When working with data, it often comes in
an XML format. So we have to serialize and deserialize it in order to use it.
There are several ways of doing that – for example: DOM, XQuery, XSLT. DOM is
the oldest from the three, but still can do the work. XQuery and XSLT are not
very easy to use and require some time to master. In .NET 3.5 a big programming
model improvement was made with the LINQ - Language-Integrated Query. It can be
used for objects, databases and XML.
Introduction
LINQ to XML allows us to create, read and
edit XML files and what’s more important - it’s done in a very easy and
understandable way. To use LINQ to XML you should add a reference to the
System.Xml.Linq.dll (for the XDocument and the other classes) and use the
System.Linq namespace (for the LINQ syntax).

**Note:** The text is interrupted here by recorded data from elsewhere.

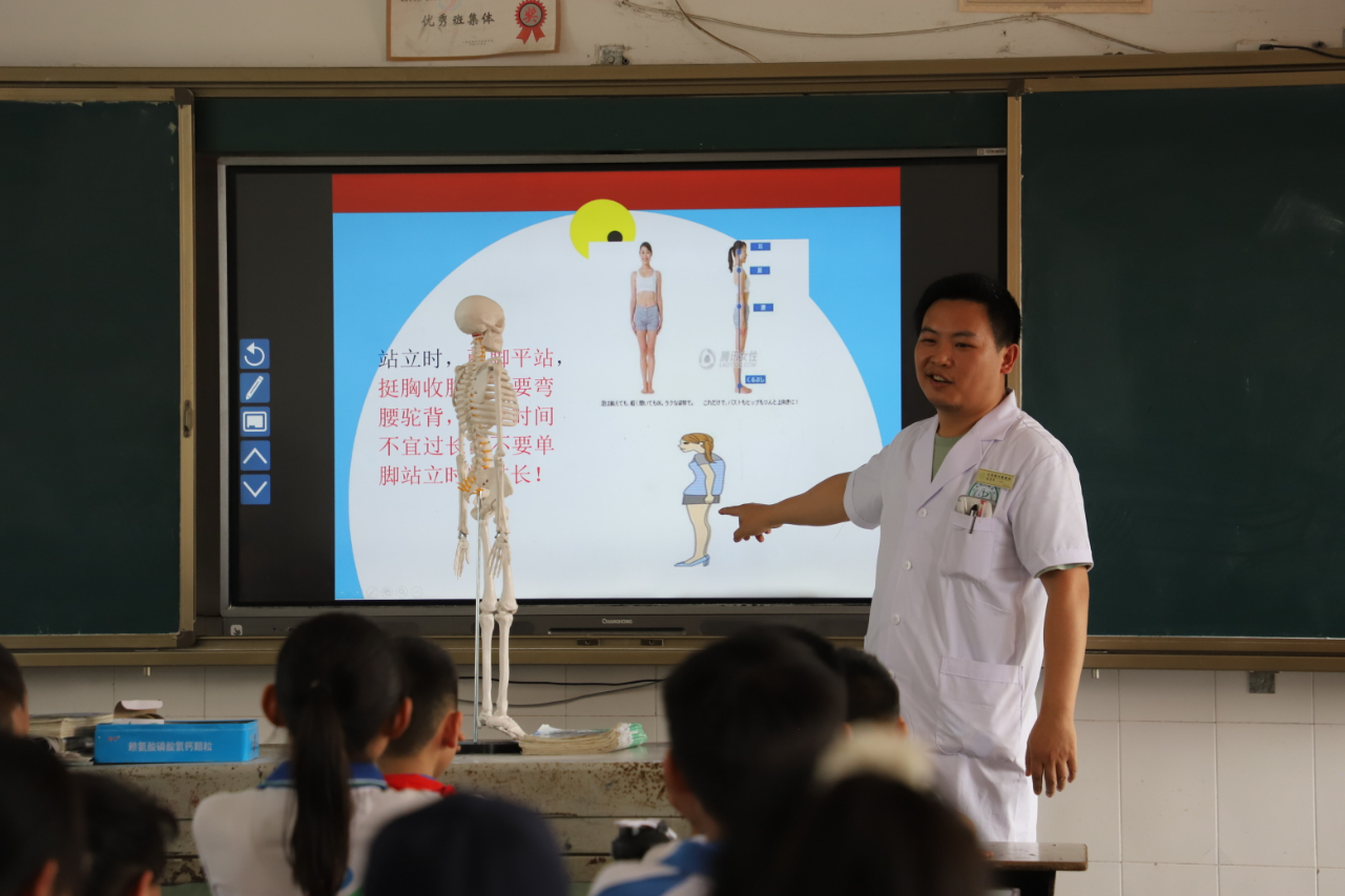 活动中,大英县中医医院骨伤科彭勇军主治医师通过形象的图片、有趣的动画视频向同学们介绍了脊柱、脊柱上的督脉、脊柱的作用。还讲解了脊柱侧弯成因及其危害,同时从日常站姿、坐姿、卧姿、锻炼及饮食等方面讲解了防治脊柱侧弯的科普知识。并且现场指导同学们学习脊柱侧弯的“六步筛查法”,自我筛查脊柱健康状态。引导学生纠正坐姿,进行脊柱健康标准示范。
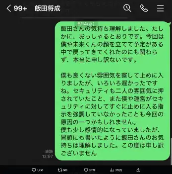さらに「もちろん、おれの謝罪の文章に至らなさはあったかもしれない。それでも、おれなりに彼の気持ちを想像して文章を作って謝罪をした。本当は彼のようにLINEを晒すような女々しい真似はしたくないけど、こちらも少しでも事実を理解してもらえるように添付しておく」と謝罪のLINEのスクリーンショットを公開した。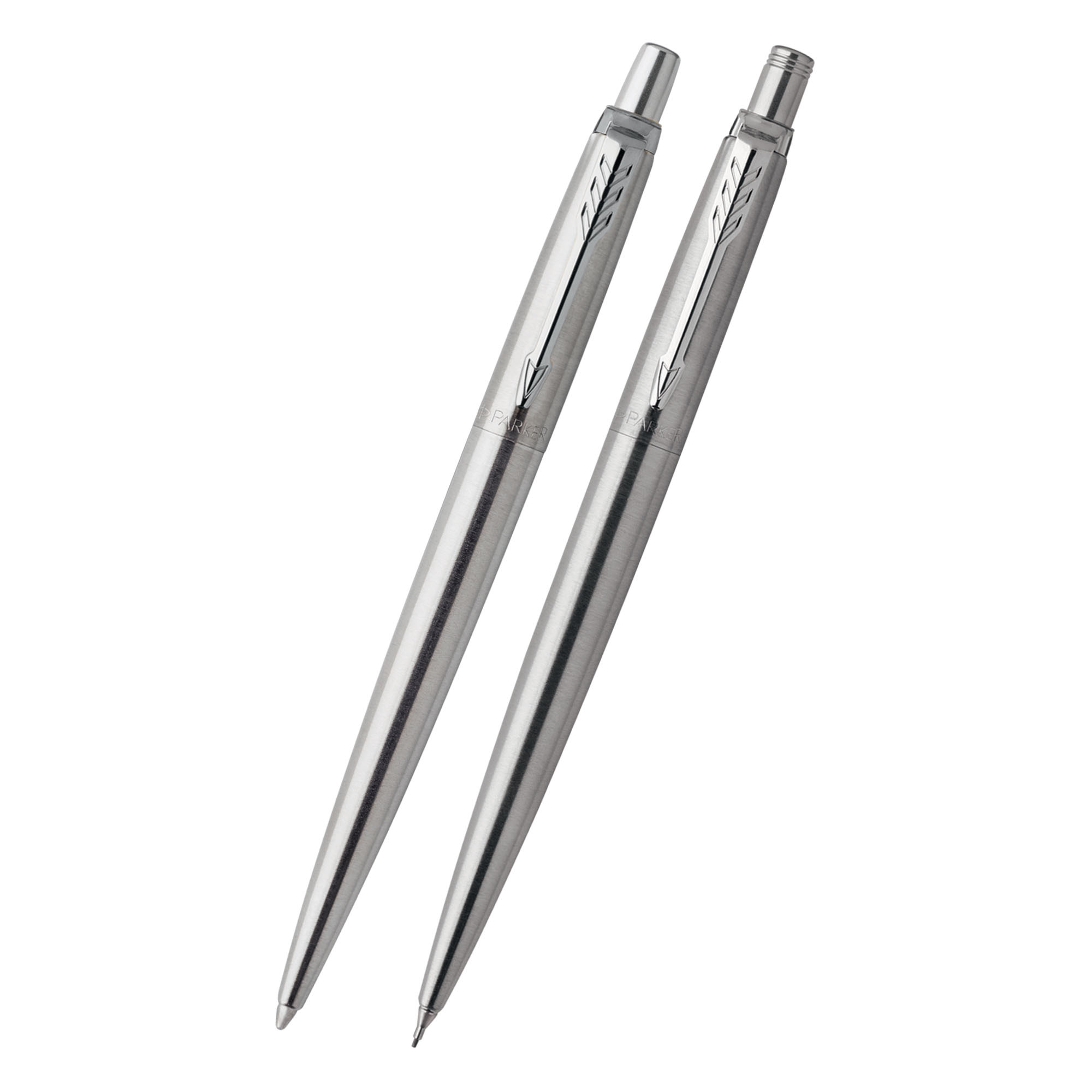 Súprava Duo Set obsahuje guľôčkové pero Parker Jotter Stainless Steel a mechanickú ceruzku Parker Stainless Steel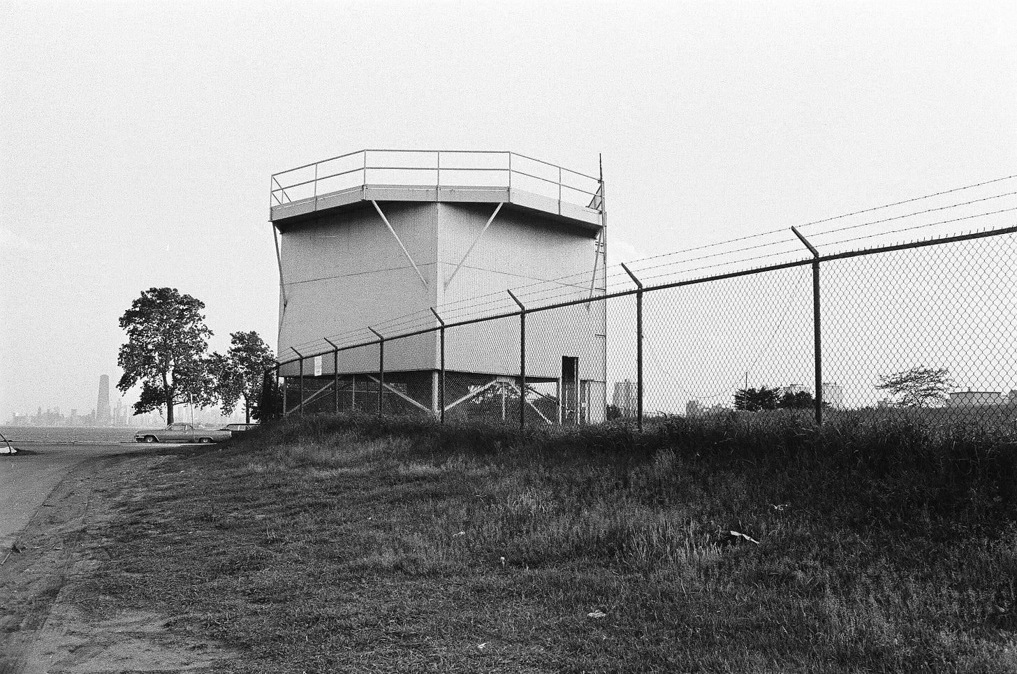 Other installations in the Chicago-Gary defense ring offer some clues, though. They likely were simple one-story rectangular structures that served as residences and administrative buildings. Radar towers were large and spherical in shape; the launcher areas, like the one at Belmont Harbor, look like mini airport runways or tarmac. In Barrington, Illinois, part of the Palatine installation, a 1968 image shows what a barracks looked like a few years after closure. There are a few scattered trees and some overgrown shrubs and not much else. Nothing here suggests a hedge was a standard component of missile site landscaping.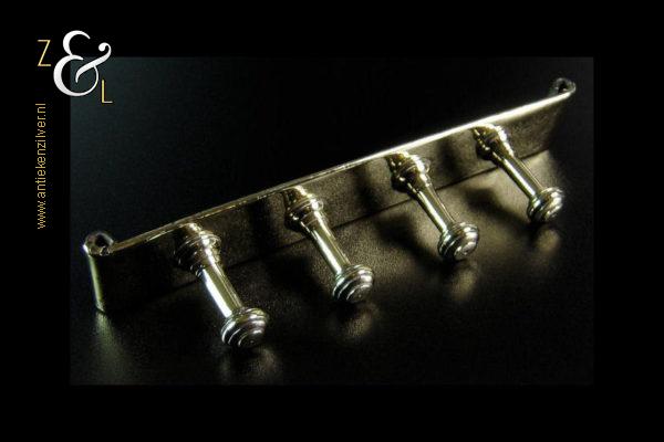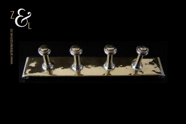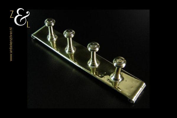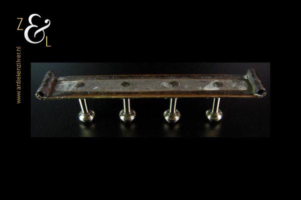 Dit kapstokje / wandrekje is gemaakt in Nederland in de laat 18e vroeg 19e eeuw. Het op de hand gemaakte kapstokje / wandrekje is uitgevoerd met vier massief gegoten messing knoppen van 4.2 cm lang die vastgeklonken zijn op een ijzeren grondplaat die bekleed is met latoen of latoenkoper (dun messing of koper met veerkracht in de vorm van folie). Het kapstokje / wandrekje weegt 355 gram is 22.5 cm lang bij 3.8 cm breed en 4.5 cm hoog.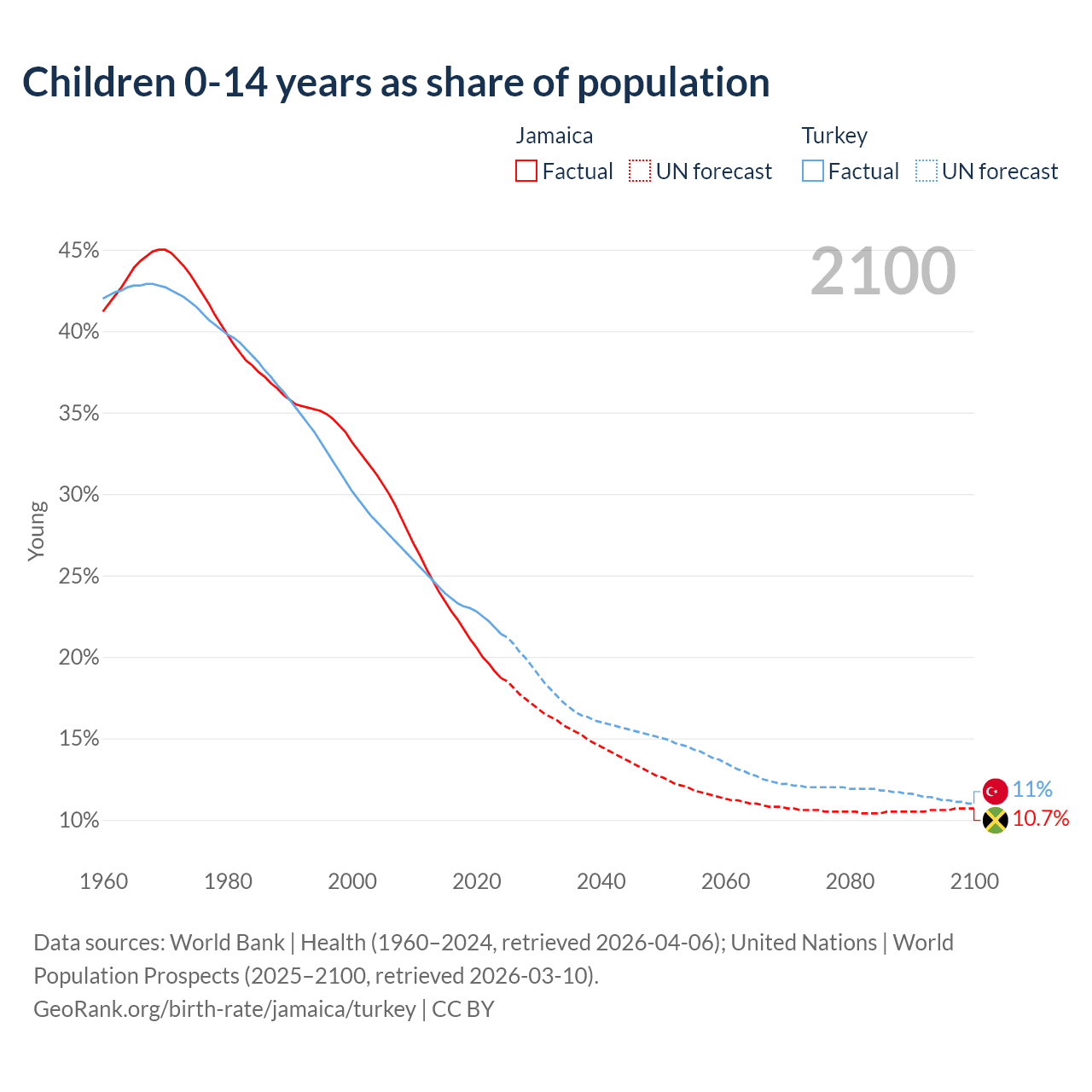 According to the latest available data on birth rates, the fertility rate in Jamaica was 1.36 children per woman in 2023, compared to 1.51 in Turkey in 2023. The replacement level is considered to be 2.1 children per woman.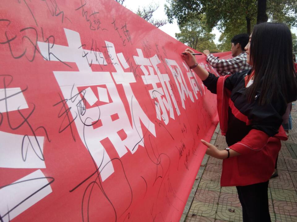 29日中午,17级旅管一班、酒管班、市营二班组织开展以“创建和谐校园”为主题的拉横幅签字活动。同学们个个都争先恐后,激情昂扬,拉上自己的同学朋友来签字,一条长长的横幅很快就被三个班的同学顺利填满了。随后,各班班长发言说明了环保的重要性,共同交换三月学雷锋当志愿者的心得与环保经验。拉横幅签字活动就在欢乐中圆满结束。(经济管理学院)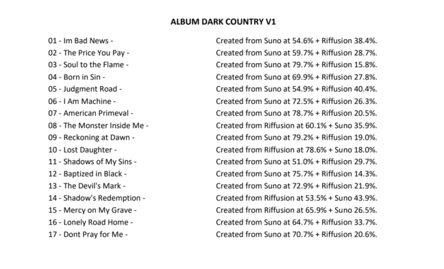 Aventhis第二热门的歌曲《I’m A Dead Man Walkin’》(播放量超40万)中,Suno的生成占比高达86.7%。不仅如此,Aventhis在过去四个月内发布的三张专辑、共57首歌曲,无一例外,皆主要由Suno和Riffusion生成。
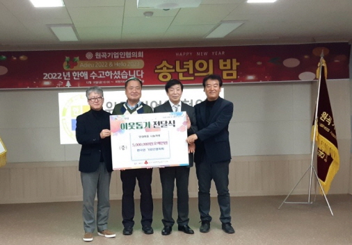 [금요저널] 안성시 원곡면은 지난 16일 원곡면기업인협의회가 송년의 밤 행사에서 관내 저소득층 가구 지원에 사용해달라며 성금 5백만원을 원곡면 지역사회보장협의체에 기탁했다고 알렸다.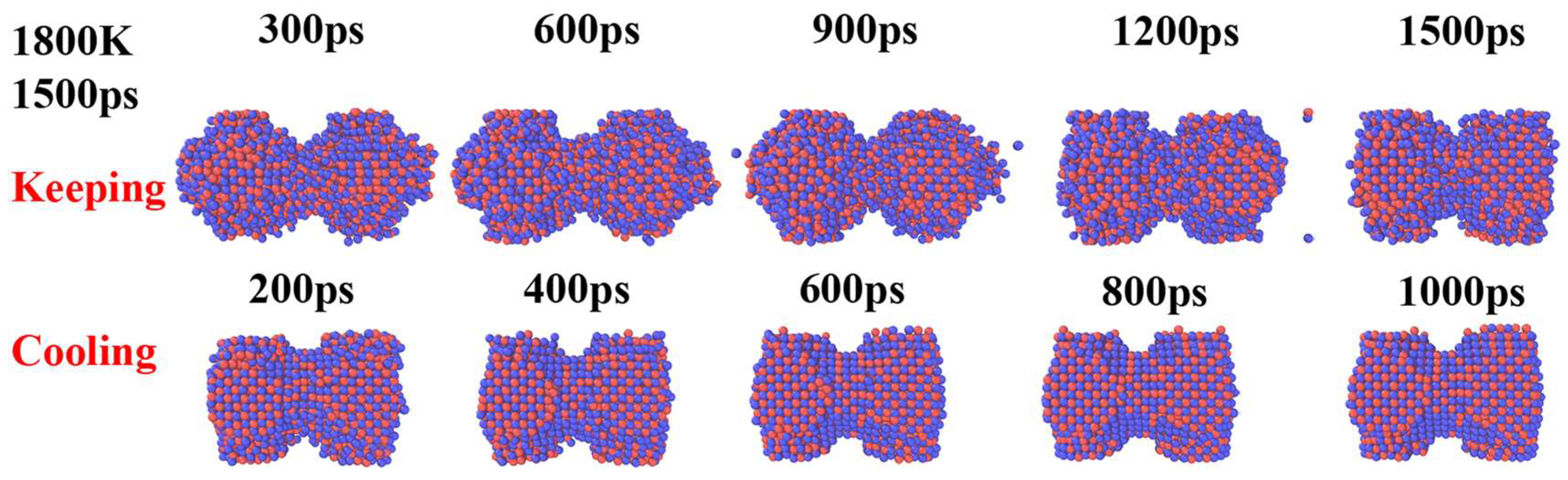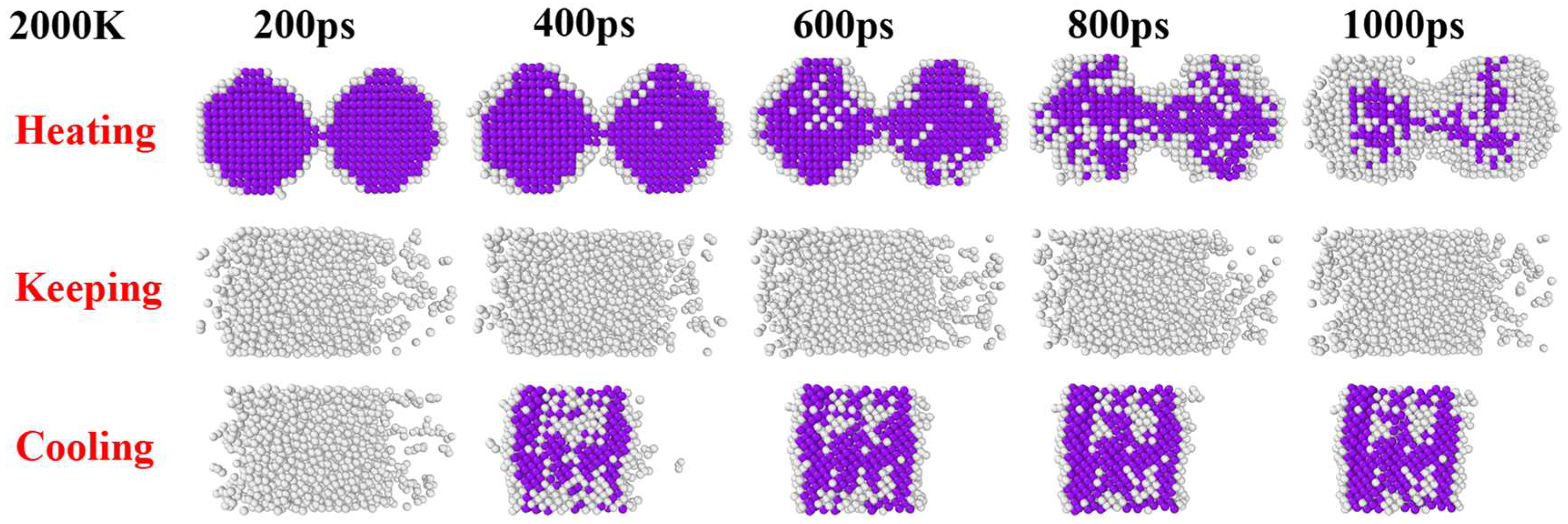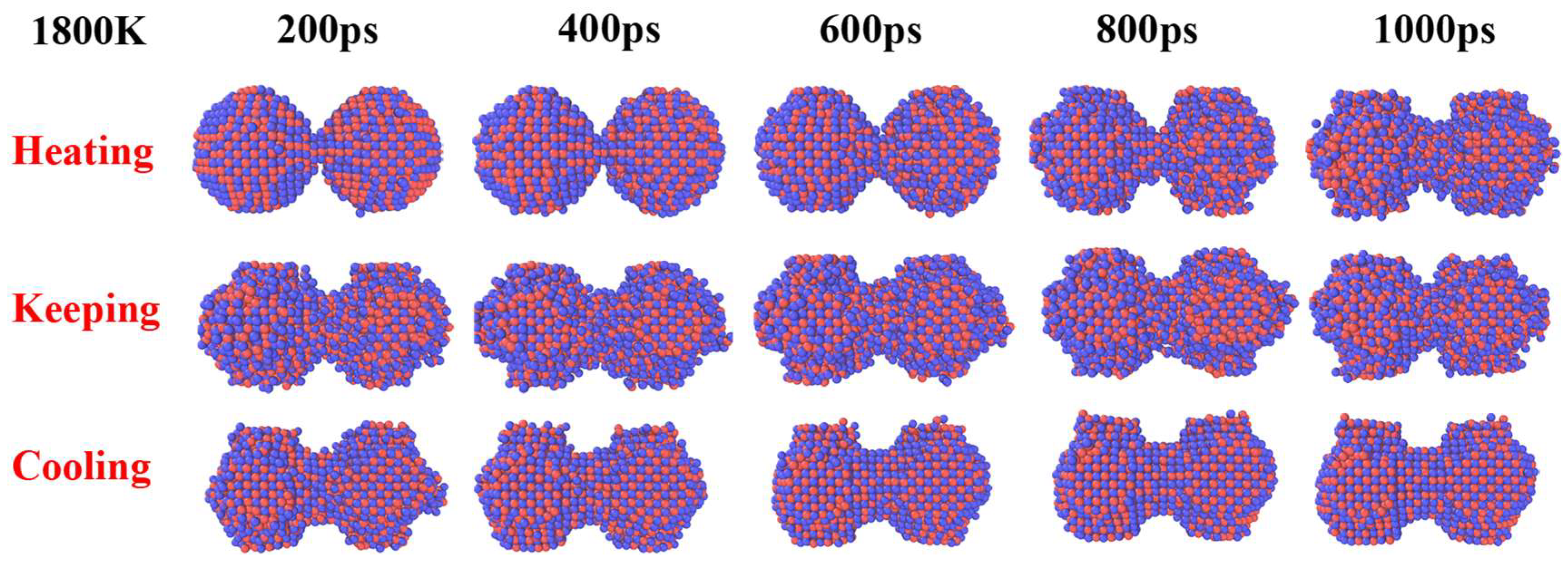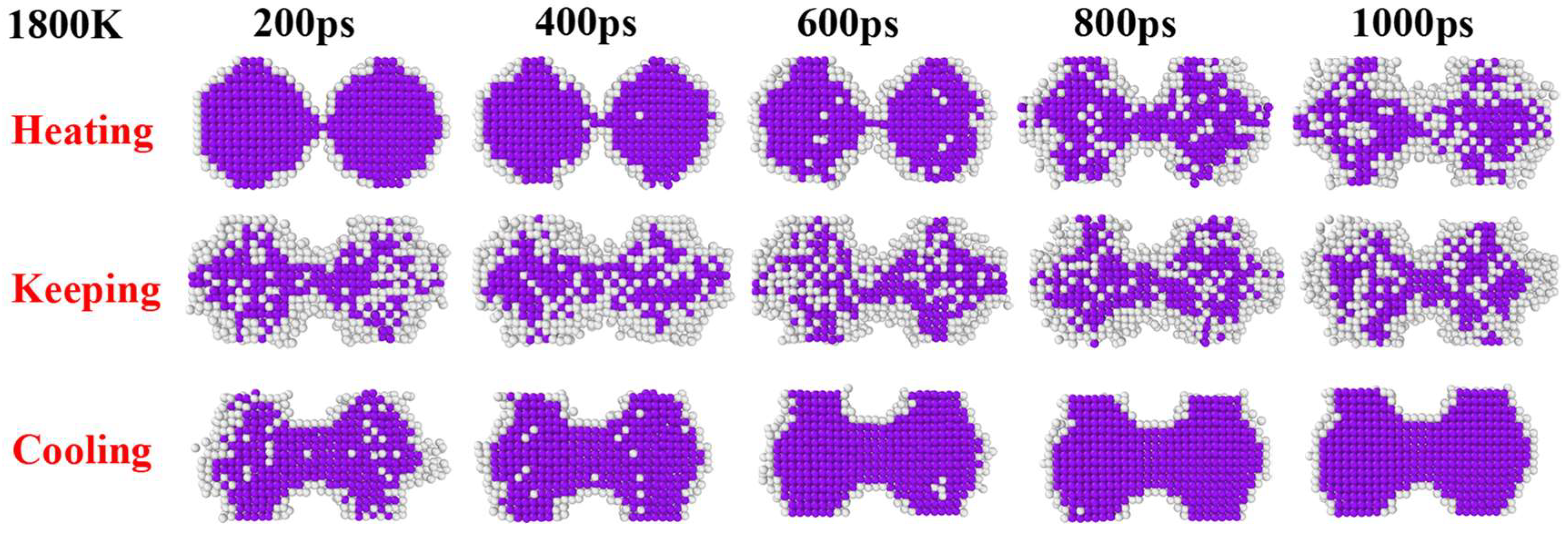 - Wang, Z.; Song, Z.; Luo, W.; Shang, T.; Liu, Z.; Yuan, J.; Fan, X.; Zhu, Y. The effect of temperature on the mechanisms of Cu nanoparticle sintering: A molecular dynamic study. Powder Technol. 2024, 440, 119802. [Google Scholar] [CrossRef]

Important methods of XElement and XDocument
- Add(object content) – adds the new content as a child of the element
- Remove() – Remove this element from its parent
- Descendents( XName name ) – returns a collection of all descendents of this element, which names match the argument, in document order
- Element( XName name ) – returns the first child that has a matching name
- Elements( XName name ) - returns a collection of all children of this element, which name matches the argument, in document order
- Nodes() – returns a collection of all children of the current element in document order
Creating an XML file
So let’s have a simple class Person:
public class Person
{
public string FirstName { get; set; }
public string LastName { get; set; }
public Location Address { get; set; }
}
public class Location
{
public string Country { get; set; }
public string City { get; set; }
}
And we create an
object of type Person:
Person p1 = new Person()
{
FirstName = "Martin",
LastName = "Mihaylov",
Address = new Location()
{
City = "Sofia",
Country = "Bulgaria"
}
};
Now let’s try to create an XML from it. For
that purpose we use XElement and XAttribute objects:
XElement persons =
new XElement( "persons",
new XElement( "person",
new XElement( "firstName", p1.FirstName ),
new XElement( "lastName", p1.LastName ),
new XElement( "address",
new XAttribute( "city", p1.Address.City ),
new XAttribute( "country", p1.Address.Country ) ) ) );
We simply create an element “persons” using
the XElement object and then nest other elements in it. We can also create
properties for the elements thanks to the XAttribute object. We can also use
the XDeclaration object to define our xml document and XComment to add a
comment to the xml document. Here it is:
XDocument myXml = new XDocument( new XDeclaration( "1.0", "utf-8", "yes" ),
new XComment( "A Comment in the XML" ), persons );
So the final output should look like this:
<?xml version="1.0" encoding="utf-8" standalone="yes"?>
<!-- A Comment in the XML -->
<persons>
<person>
<firstName>Martin</firstName>
<lastName>Mihaylov</lastName>
<address city="Sofia" country="Bulgaria" />
</person>
</persons>
Adding an element to the XDocument
First we find the element we want to add
something to and then we use its Add method to add our new element. Here is an
example:
myXml.Element( "persons" ).Add( new XElement( "person",
new XElement( "firstName", p2.FirstName ),
new XElement( "lastName", p2.LastName ),
new XElement( "address",
new XAttribute( "city", p2.Address.City ),
new XAttribute( "country", p2.Address.Country ) ) ) );
Removing an element form the XDocument
To remove an element or attribute you must
navigate to the desired element and then call its Remove method:
myXml.Element( "persons" ).Element( "person" ).Remove();
This will remove the first element with
name “person” in “persons”.
Reading an XML file
Before reading you should load your XML
file to an XElement or XDocument object. This can be done with the Load method.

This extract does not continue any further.